While fMRI is useful in delineating functional cortical anatomy, subcortical white matter tracts can be outlined using diffusion tensor imaging, which can be used for preoperative planning. Diffusion tensor imaging is based on the anisotropic diffusion of water molecules in white matter tracts; color codes depict the directionality of the tract. It is a robust modality that provides useful information as to the deformation and displacement of a subcortical pathway or infiltration of that pathway. Particularly in the latter case, surgical removal is purposely restrained to avoid a permanent neurological deficit. The combination of preoperative structural imaging, fMRI, and DTI allows the surgeon to create a plan and counsel a patient and his/her family regarding the surgical approach and the goal and risks of surgery (8).

Magnetoencephalography

Synchronized neuronal currents induce weak magnetic fields that can be detected with multichannel sensors placed over the patient’s scalp (911). Superconducting quantum inference devices (SQUIDS) allow detection of small cortical field differences and large shielded rooms cooled by liquid helium and are used to minimize distortion of signal from outside magnetic fields. Mathematical models infer the location of signal generators on the cortex, overlaying them on synchronized MR images. Magnetoencephalography (MEG) has been utilized in localization of seizure foci, language centers, and primary somatosensory cortices (911). One technique involves placement of standard fiducial markers on the patient’s scalp, completion of an MRI, and integration of MRI and MEG studies, yielding a magnetic source image (MSI), that can be integrated with standard intraoperative navigation systems.

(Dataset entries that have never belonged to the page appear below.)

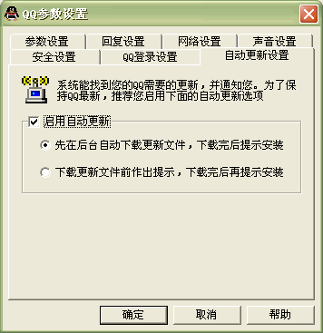 在QQ 2003中新增加了一項自動更新的功能,這樣在騰訊推出新版QQ之后,可以自行進行下載和安裝,省去用戶麻煩。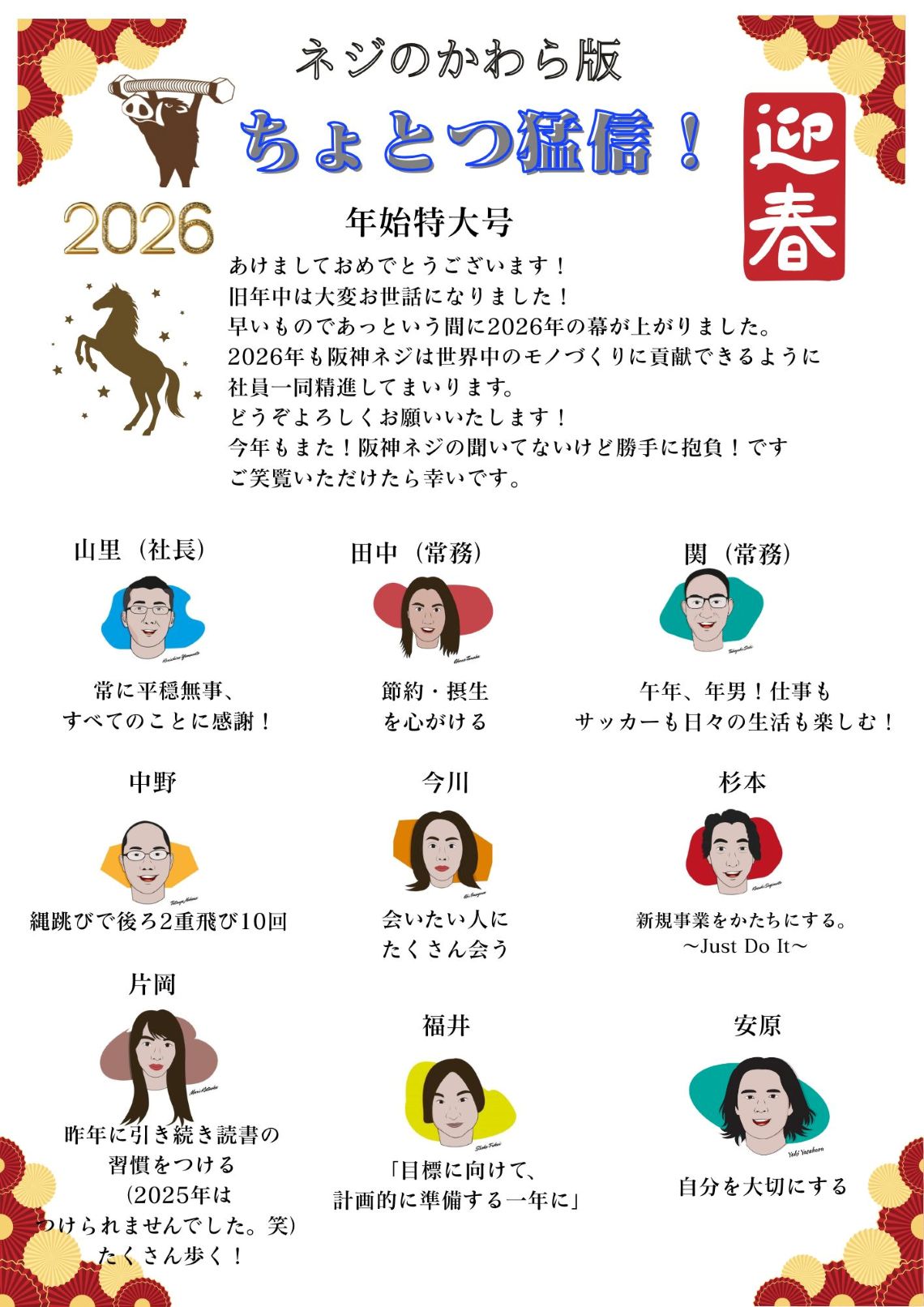 2026年の阪神ネジも様々な挑戦をし、世界のモノづくりに貢献すべく従業員一同精進してまいります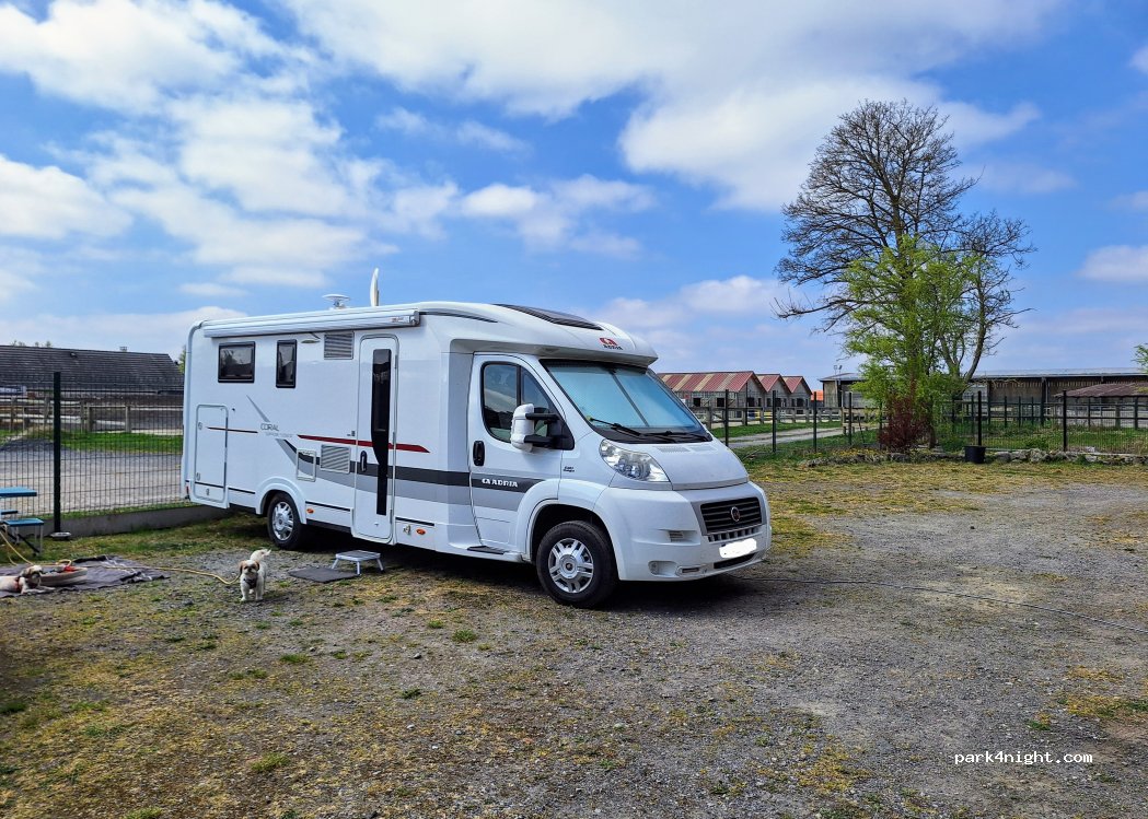 Best eerst telefoneren om je plek te reserveren en dan weet je beter waar je moet zijn. Het is niet op de manege zelf, maar aan het grote hek op nr 1. Vlak op de hoek / bocht. We werden vriendelijk onthaald en getrakteerd op een specialiteit van de streek ... picon biere. Het is een rustige slaapplek met zicht op de manege van de buren. De eigenaars reizen eveneens met Park 4 night.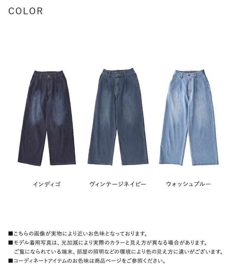 選べる着丈&M~3Lサイズ展開!すっきりとしたワイドシルエットの冷感デニム。

Transcortical Magnetic Stimulation

Transcortical magnetic stimulation (Tms) is a modality that allows preoperative definition of the primary motor cortex and subcortical pathways. A high precision stimulation coil held to the patient’s head delivers biphasic magnetic stimulation to spots on the motor cortex eliciting motor-evoked potentials in the contralateral limb that may be recorded and analyzed. When combined with fMRI and structural MRI navigation, there is a reasonably high degree of accuracy of localization of the primary motor cortex, particularly in the region of the hand representation in the precentral gyrus. The magnetic coil stimulation is typically performed on both hemispheres and recording electrodes are attached to the key muscles such as the abductor pollicis brevis, first digital interosseous, adductor digiti minimi, and the tibialis anterior muscles. This is a reliable preoperative, noninvasive method of establishing the primary motor cortex in glioma resection, with a good concordance with intraoperative direct cortical stimulation mapping responses (12).

Positron Emission Tomography

This modality depends on the detection of gamma rays (photons) emitted through the collision of positrons and electrons following injection of a radioactive tracer. Cerebral blood flow, volume, oxygen use, glucose transport, protein metabolism, and other characteristics can be detected and localized. For cerebral functional localization, the isotope 15O is injected intravenously; as local blood flow increases to an activated region of cortex, higher concentrations of tracer will be detected (13). Baseline gamma emission levels are compared to those during stimulation and statistical analysis determines if regional activation is significant (P > 0.05).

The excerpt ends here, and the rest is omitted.